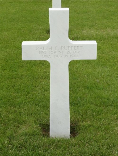 Pfc Ralph E. Ruppert graduated from Iowa City High Schooland attended the University of Iowa for one year. He worked at the local post office.He enlisted at Camp Dodge, Iowa on 16 January 1944 and was sent overseas in August 1944.
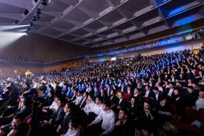 התרוממות הרוח הורגשה באולם בשעה שנכנסו אליו מרנן ורבנן גדולי ישראל שליט"א. במשך דקות ארוכות עמד ציבור האלפים על רגליו לתת כבוד לתורה, מתוך שירה ושמחה של תורה ורגשי קודש כשאת בימת הנשיאות מפארים גדולי ומאורי התורה והחסידות.
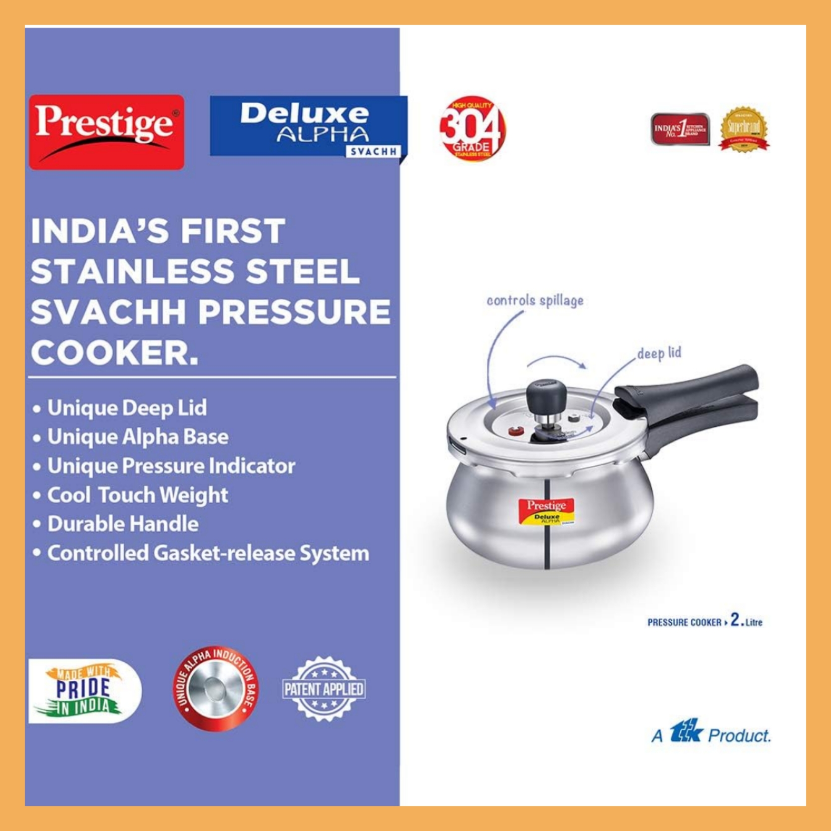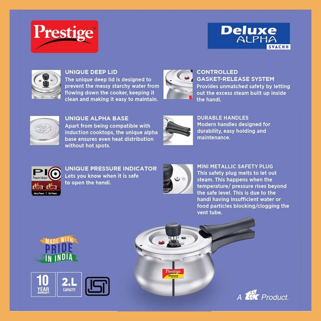 زودپز برند: پرستیژ مدل: 20244 _Deluxe Alpha Svachh ظرفیت: 2 لیتر

● ● ● ● ● ● ●

WHAT NEEDS TO BE DONE: Exclude all pictures and return precisely the lines from the one containing "התרוממות הרוח הורגשה" through the closing line of the data.

SOLUTION TO THE PROBLEM:
 התרוממות הרוח הורגשה באולם בשעה שנכנסו אליו מרנן ורבנן גדולי ישראל שליט"א. במשך דקות ארוכות עמד ציבור האלפים על רגליו לתת כבוד לתורה, מתוך שירה ושמחה של תורה ורגשי קודש כשאת בימת הנשיאות מפארים גדולי ומאורי התורה והחסידות.
 زودپز برند: پرستیژ مدل: 20244 _Deluxe Alpha Svachh ظرفیت: 2 لیتر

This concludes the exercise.